◆ **About this exercise**:
Your job is to set down the stretch of entries that opens with the line containing "Цветами огромных размеров" and closes with the line containing "接着我们执行命令sudo apt-cdrom -m". Keep both end lines, copy each exactly, and add nothing.

◆ **Dataset excerpts**:
○ ○ ○ ○

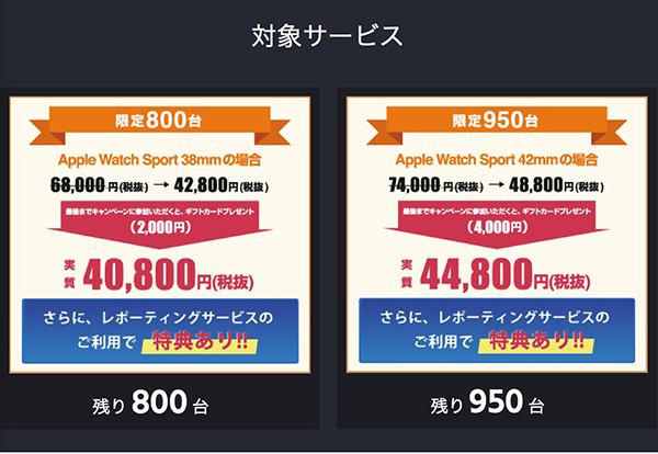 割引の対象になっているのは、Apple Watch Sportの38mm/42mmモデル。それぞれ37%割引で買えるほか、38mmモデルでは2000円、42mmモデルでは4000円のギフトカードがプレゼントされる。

○ ○ ○ ○

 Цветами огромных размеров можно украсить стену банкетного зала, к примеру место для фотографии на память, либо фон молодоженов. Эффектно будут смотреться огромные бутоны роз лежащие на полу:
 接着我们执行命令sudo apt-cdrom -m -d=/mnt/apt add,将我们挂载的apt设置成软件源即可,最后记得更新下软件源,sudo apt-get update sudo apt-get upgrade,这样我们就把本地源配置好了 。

○ ○ ○ ○

◆ **Solved exercise**:
 Цветами огромных размеров можно украсить стену банкетного зала, к примеру место для фотографии на память, либо фон молодоженов. Эффектно будут смотреться огромные бутоны роз лежащие на полу:
 接着我们执行命令sudo apt-cdrom -m -d=/mnt/apt add,将我们挂载的apt设置成软件源即可,最后记得更新下软件源,sudo apt-get update sudo apt-get upgrade,这样我们就把本地源配置好了 。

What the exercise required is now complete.